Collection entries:
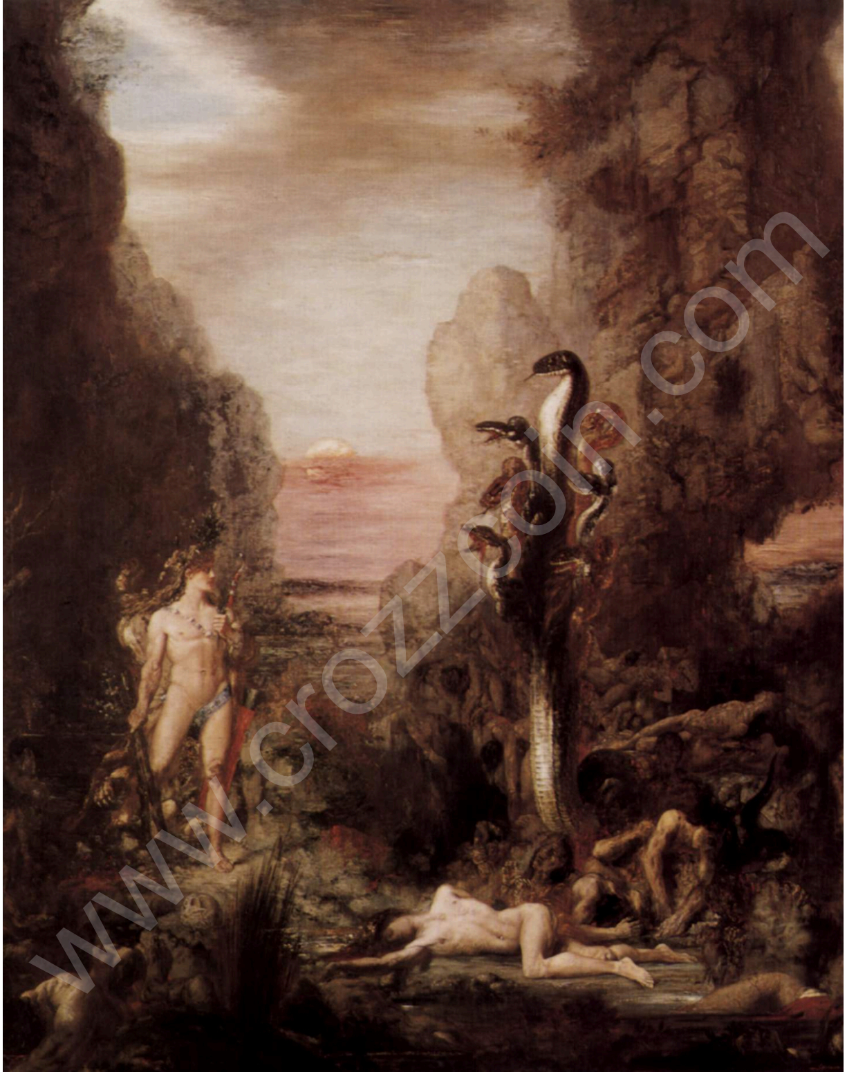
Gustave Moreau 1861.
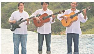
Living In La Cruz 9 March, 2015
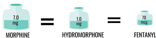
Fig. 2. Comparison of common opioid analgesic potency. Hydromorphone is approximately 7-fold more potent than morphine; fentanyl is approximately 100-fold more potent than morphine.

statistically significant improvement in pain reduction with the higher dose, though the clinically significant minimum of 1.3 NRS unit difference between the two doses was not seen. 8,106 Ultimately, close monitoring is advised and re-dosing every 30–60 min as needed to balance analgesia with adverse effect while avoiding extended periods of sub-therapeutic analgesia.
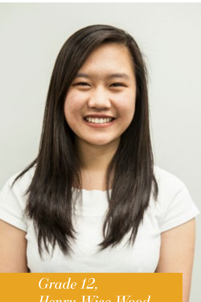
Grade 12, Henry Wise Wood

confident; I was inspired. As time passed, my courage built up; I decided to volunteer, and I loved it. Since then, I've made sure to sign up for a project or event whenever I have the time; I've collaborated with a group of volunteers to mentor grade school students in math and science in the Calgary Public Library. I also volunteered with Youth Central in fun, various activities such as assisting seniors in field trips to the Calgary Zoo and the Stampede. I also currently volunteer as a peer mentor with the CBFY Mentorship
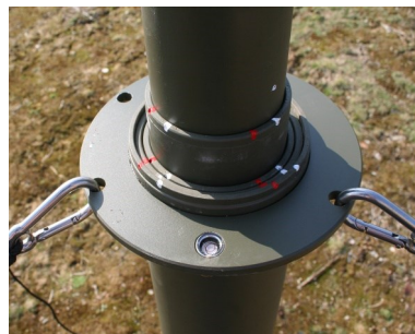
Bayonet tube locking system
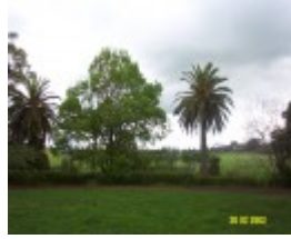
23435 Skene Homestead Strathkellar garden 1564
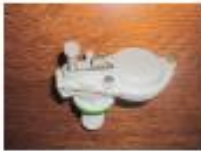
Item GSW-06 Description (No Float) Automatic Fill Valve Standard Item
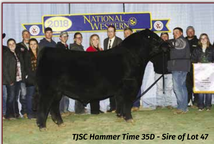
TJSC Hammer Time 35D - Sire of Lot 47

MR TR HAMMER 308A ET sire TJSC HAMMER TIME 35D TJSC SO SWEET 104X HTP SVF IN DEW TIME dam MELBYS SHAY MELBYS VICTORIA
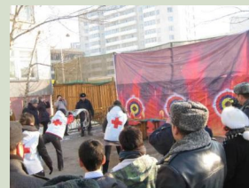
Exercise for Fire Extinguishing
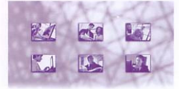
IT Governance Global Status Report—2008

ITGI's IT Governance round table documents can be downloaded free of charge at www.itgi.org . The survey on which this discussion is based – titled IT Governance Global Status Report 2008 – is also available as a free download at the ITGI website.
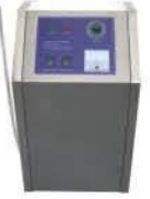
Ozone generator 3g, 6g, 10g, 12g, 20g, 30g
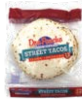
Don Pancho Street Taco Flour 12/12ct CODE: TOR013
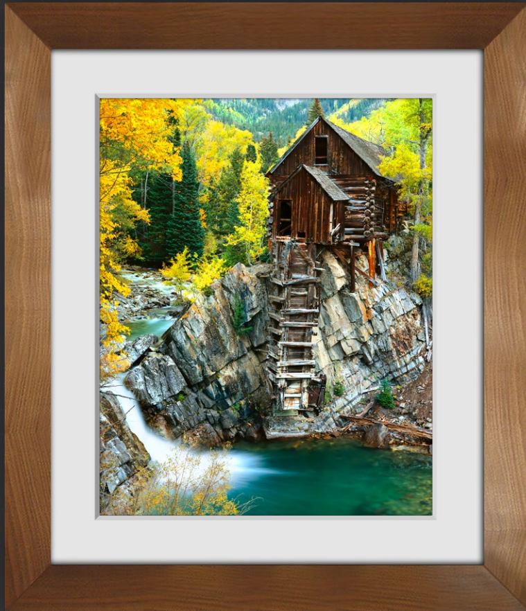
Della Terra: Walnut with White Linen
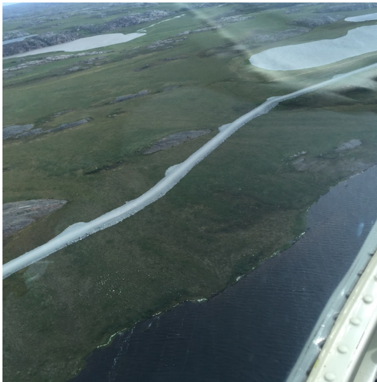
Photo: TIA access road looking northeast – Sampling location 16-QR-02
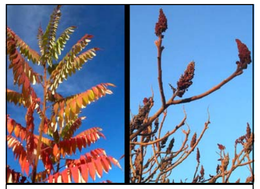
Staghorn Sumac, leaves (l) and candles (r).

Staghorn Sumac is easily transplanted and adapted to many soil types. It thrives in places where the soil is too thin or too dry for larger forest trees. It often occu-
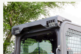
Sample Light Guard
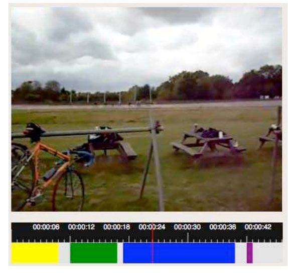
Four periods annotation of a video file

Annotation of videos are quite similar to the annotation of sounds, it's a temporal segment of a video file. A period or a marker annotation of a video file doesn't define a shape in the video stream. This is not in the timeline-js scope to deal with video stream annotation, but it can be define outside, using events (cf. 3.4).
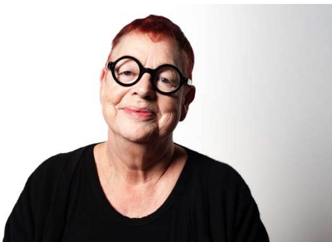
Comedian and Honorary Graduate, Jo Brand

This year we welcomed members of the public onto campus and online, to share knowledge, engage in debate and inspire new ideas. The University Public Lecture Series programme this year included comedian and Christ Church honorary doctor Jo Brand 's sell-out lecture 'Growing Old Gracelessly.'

* * *

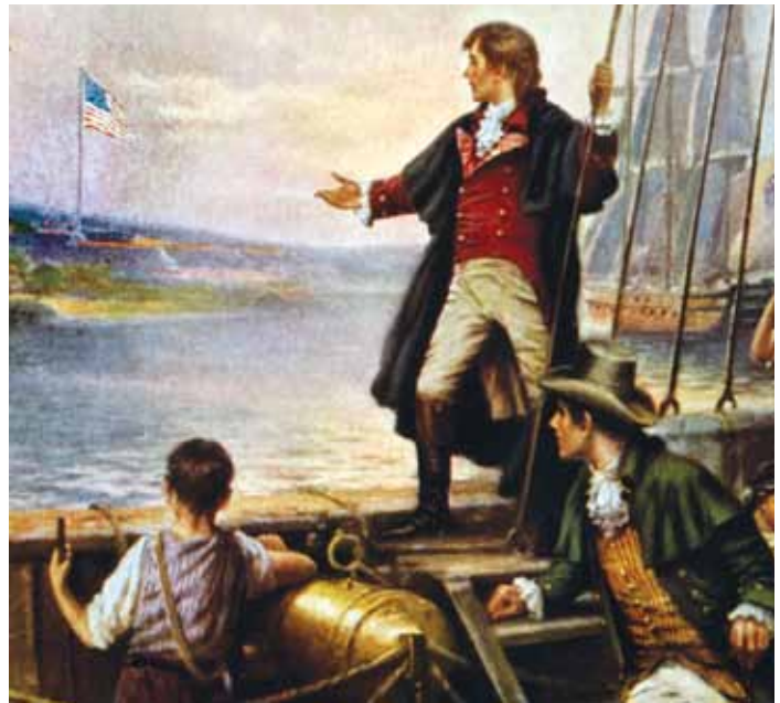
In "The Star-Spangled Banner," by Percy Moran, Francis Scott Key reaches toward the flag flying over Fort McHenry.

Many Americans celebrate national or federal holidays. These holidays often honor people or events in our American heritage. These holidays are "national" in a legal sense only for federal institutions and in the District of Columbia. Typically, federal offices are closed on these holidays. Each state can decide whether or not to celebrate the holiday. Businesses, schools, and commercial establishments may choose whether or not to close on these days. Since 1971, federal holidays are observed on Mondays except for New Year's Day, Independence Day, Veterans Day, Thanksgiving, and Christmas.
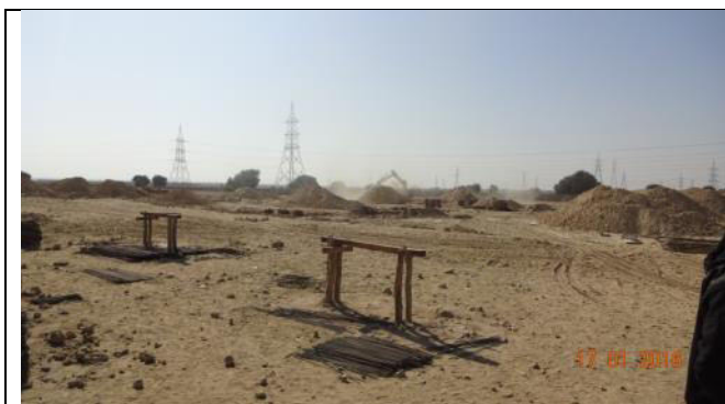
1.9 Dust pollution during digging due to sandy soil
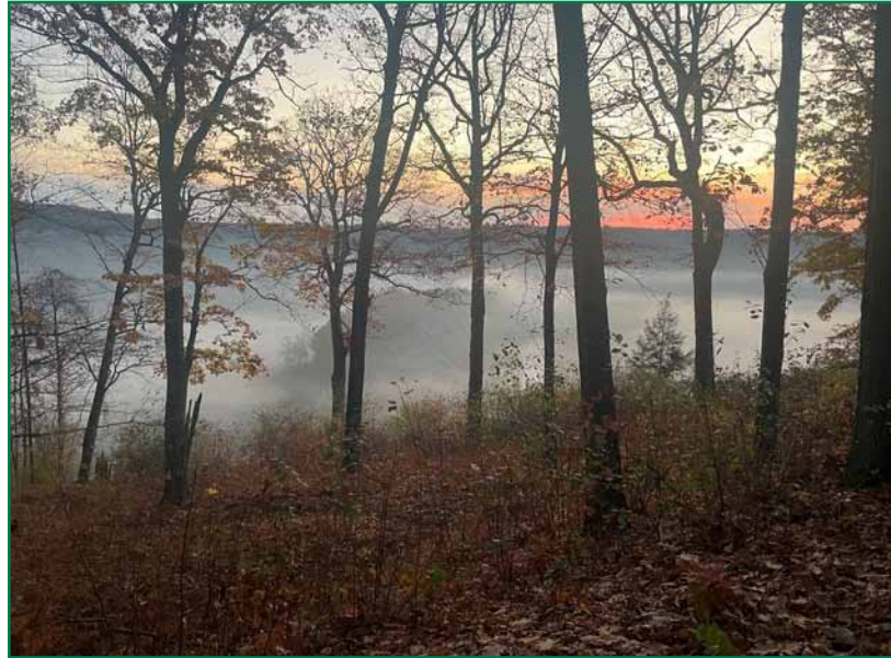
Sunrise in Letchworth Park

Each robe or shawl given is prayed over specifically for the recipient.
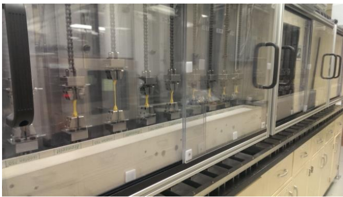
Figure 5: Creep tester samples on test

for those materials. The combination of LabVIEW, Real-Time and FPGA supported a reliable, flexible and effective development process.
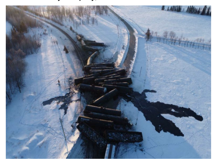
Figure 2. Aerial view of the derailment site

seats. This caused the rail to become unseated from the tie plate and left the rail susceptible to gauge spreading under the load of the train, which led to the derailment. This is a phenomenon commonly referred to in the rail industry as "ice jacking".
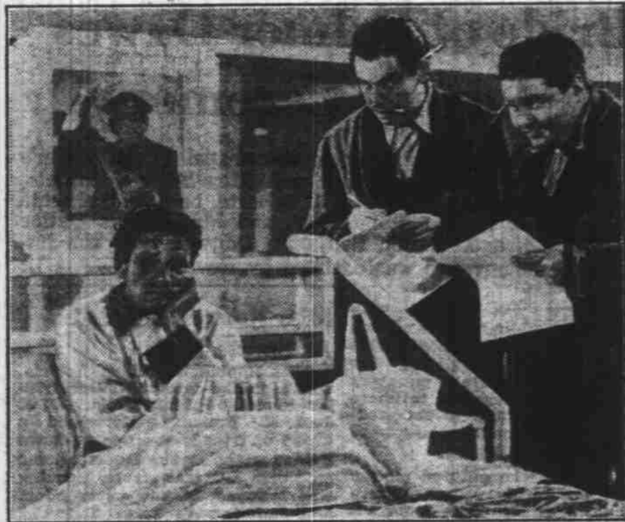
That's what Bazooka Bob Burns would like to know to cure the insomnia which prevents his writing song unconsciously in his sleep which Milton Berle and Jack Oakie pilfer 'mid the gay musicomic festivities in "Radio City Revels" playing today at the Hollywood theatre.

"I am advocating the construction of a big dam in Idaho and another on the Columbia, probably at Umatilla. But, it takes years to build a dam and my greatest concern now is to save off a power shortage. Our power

▶ _Brief_: Which lines above include "TJSC"? Show each of them by copying it.

▶ _Your response_:
TJSC Hammer Time 35D - Sire of Lot 47
MR TR HAMMER 308A ET sire TJSC HAMMER TIME 35D TJSC SO SWEET 104X HTP SVF IN DEW TIME dam MELBYS SHAY MELBYS VICTORIA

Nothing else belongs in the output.